Feeling a great responsibility and obligation towards Nikola Tesla's huge body of work, as well as towards everyone wishing to learn more about, first of all, the written part of his legacy - as a first-rate and unique source for diverse researches - we decided to publish our strategy for processing and exploitation of segments of Nikola Tesla's legacy, articulated and contained in the Digitalization, Microfilming, Processing, and Exploitation Project for the Segments of Nikola Tesla's Legacy (see "DIGITALIZATION AND MICROFILMING").

Appreciating the necessity to regularly and completely inform the public about all key activities at the Nikola Tesla Museum, we decided to also provide all basic information about the started and planned projects, and the stages of their realization, which will be updated as needed, hoping to demonstrate our determination to do everything in our power to save and share the memory contained in Tesla's legacy, based on the highest standards of represented professions and best practices (see "The Project of Digitalization)". We are well aware that such a significant endeavor demands patience, and that there is no room for shortcuts. Therefore, we decided to act and proceed with understanding and consideration, and we expect the same from others. 
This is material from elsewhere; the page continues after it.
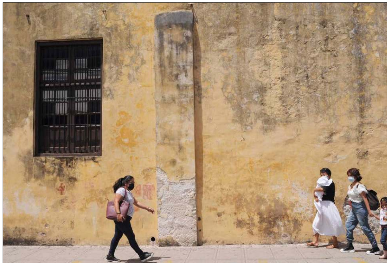
▲ ¿Qué pasa cuando la sociedad exige a las mujeres ser madres y perfectas? Muchas acuden a terapia cargadas con mucha culpa con respecto a no cumplir con las expectativas sociales, familiares y hasta de ellas mismas.

En su caso, es maestra de preescolar y, aunque haya

It is not common for institutions protecting cultural heritage to communicate with the public in this manner about their plans - which are often viewed as a business secret - but we are convinced that it is our obligation, primarily to Nikola Tesla himself, as well as to all admirers of his huge body of work. 


See Tesla—Man Out of Time, pp. 258-280, and Wizard—The Life and Times of Nikola Tesla, pp. 436-462 for additional words about the circumstances surrounding Tesla's death and the handling of his estate.